Ghetto, the local name for Venice's Jewish…
1529 CE
Ghetto, the local name for Venice's Jewish quarter, becomes a general term for such segregated areas, in which Jews, long accustomed to living in neighborhoods of their own, for security and for ready access to a synagogue, now begin to be systematically relegated.
In these urban enclosures, which now begin to be walled, Jews are locked in at night and during church festivals such as Holy Week, when anti-Jewish outbursts are particularly likely because of the alleged guilt of the Jews in the crucifixion of Christ.
Since lateral expansion of the ghetto, as a rule, is impossible, houses tend to be of unusual height, with consequent congestion, fire hazards, and unsanitary conditions.
When outside the walls, Jews are obliged to wear an identifying badge (usually yellow), and they are in danger of bodily harm and harassment.
The humanist scholar Richard Croke, an emissary of English monarch Henry VIII, travels to Venice in 1529, reportedly to consult with Jewish Rabbis and Christian Cabalist theologian Francesco Georgi in an attempt to garner Biblical justification for Henry's intended divorce of Catherine of Aragon and eventual remarriage to an heir-producing mate. (According to Deuteronomy 25, if a husband dies childless then the brother must marry the widow to preserve the family line; such a required marriage is called a levirate marriage.
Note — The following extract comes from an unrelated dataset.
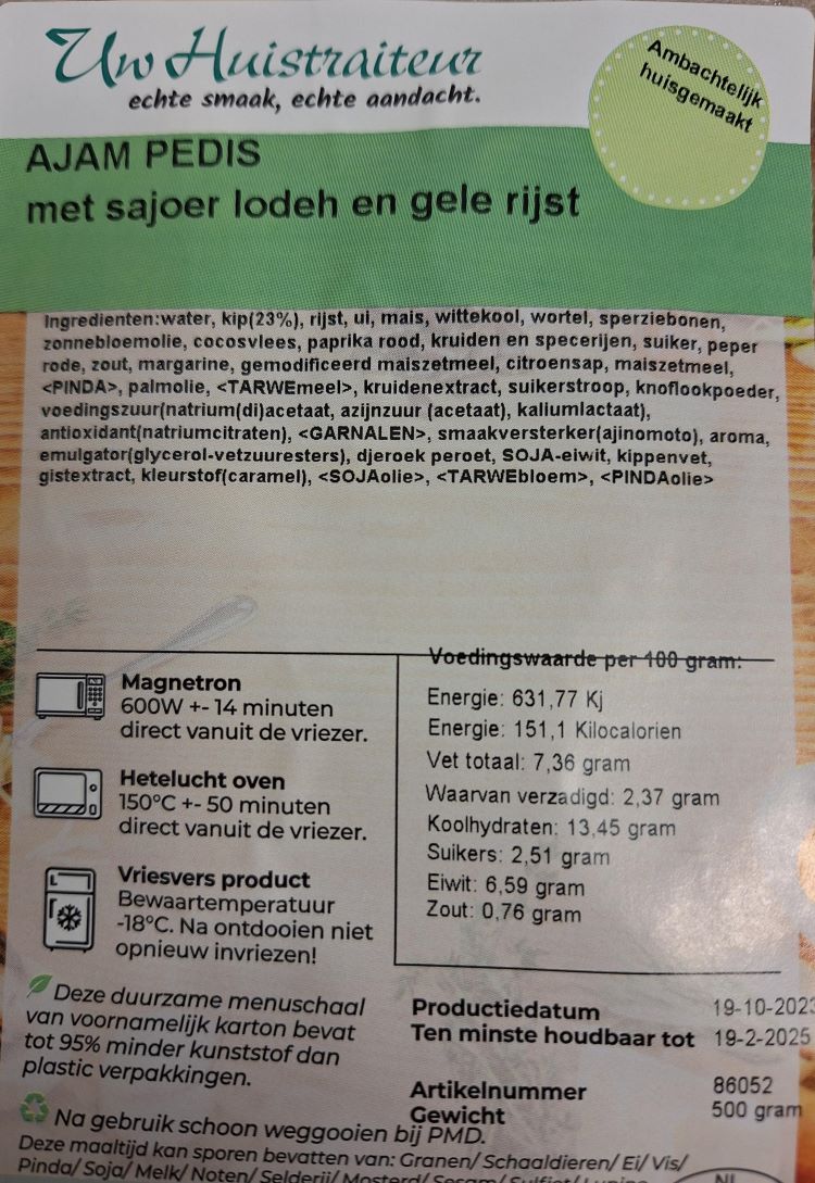 Op het etiket worden allereerst de gebruikte ingrediënten achter elkaar opgesomd. Verder treft u de productiedatum aan en ook is de tht-datum op het etiket vermeld, oftwel de "ten minste houdbaar tot-datum". Zoals u begrijpt zal uw eigen maaltijd op een andere dag bereid worden en zal de 'tht-datum' ook anders zijn. Na bezorging is uw maaltijd minimaal 6 maanden houdbaar. Klik op het etiket om deze te vergroten.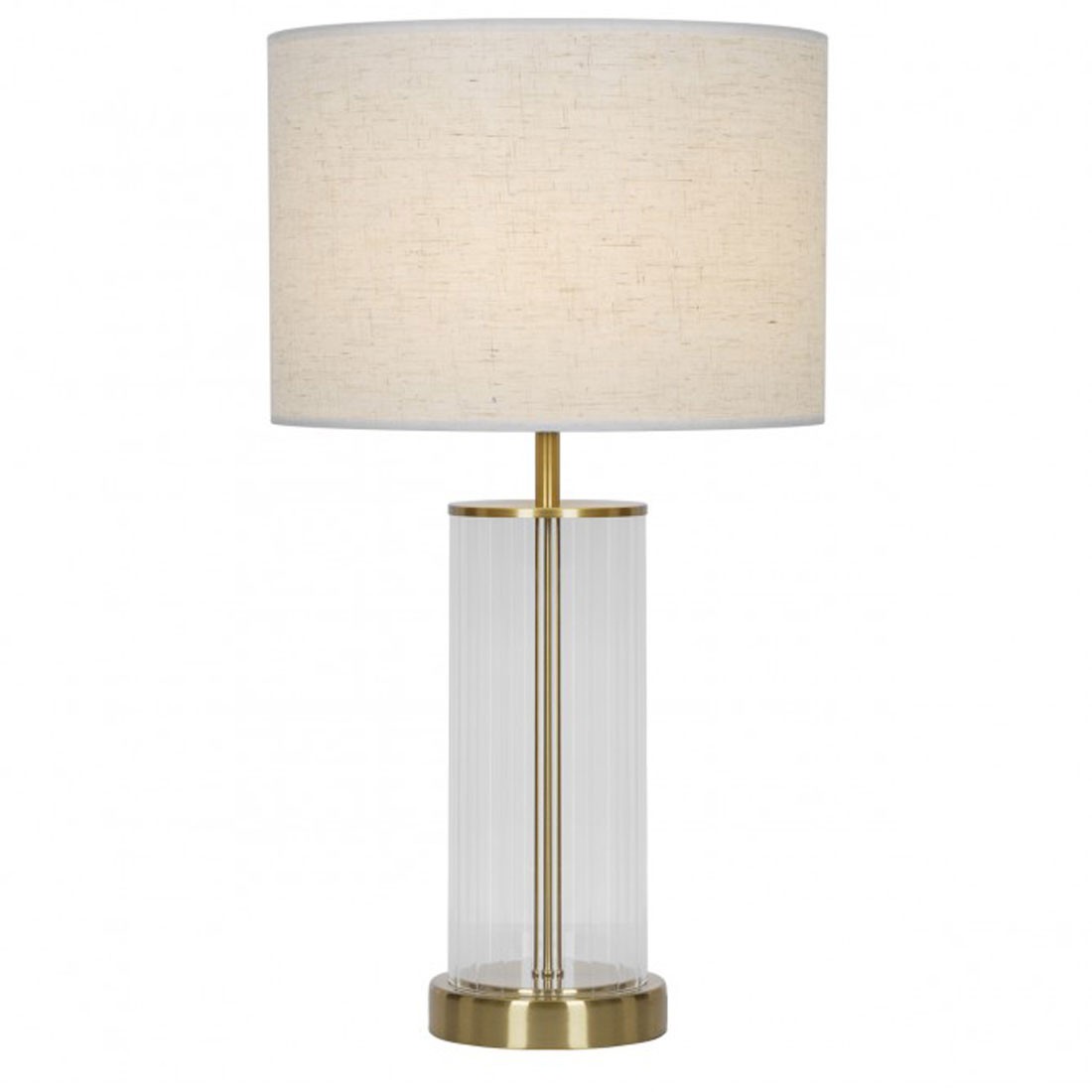 Lámpara de Sobremesa de 1 Luz Base de metal acabado cuero, cuerpo de cristal y Pantalla de Tela de 28 cm de Diámetro.

However, his law stands in contradiction with other biblical passages, chief among them Leviticus 18, which asserts that it is incest to marry one's sister-in-law.)
Some scholars see this importation of Rabbinica in support of the English Reformation as part of a growing covert commercial and intellectual alliance between England's Crown and the Jews that have fled the Inquisition.
The Ashkenazic Scuola Grande Tedesca, the oldest synagogue in Venice, opens in 1529; the Scuola Canton, also Ashkenazic, will open in 1531.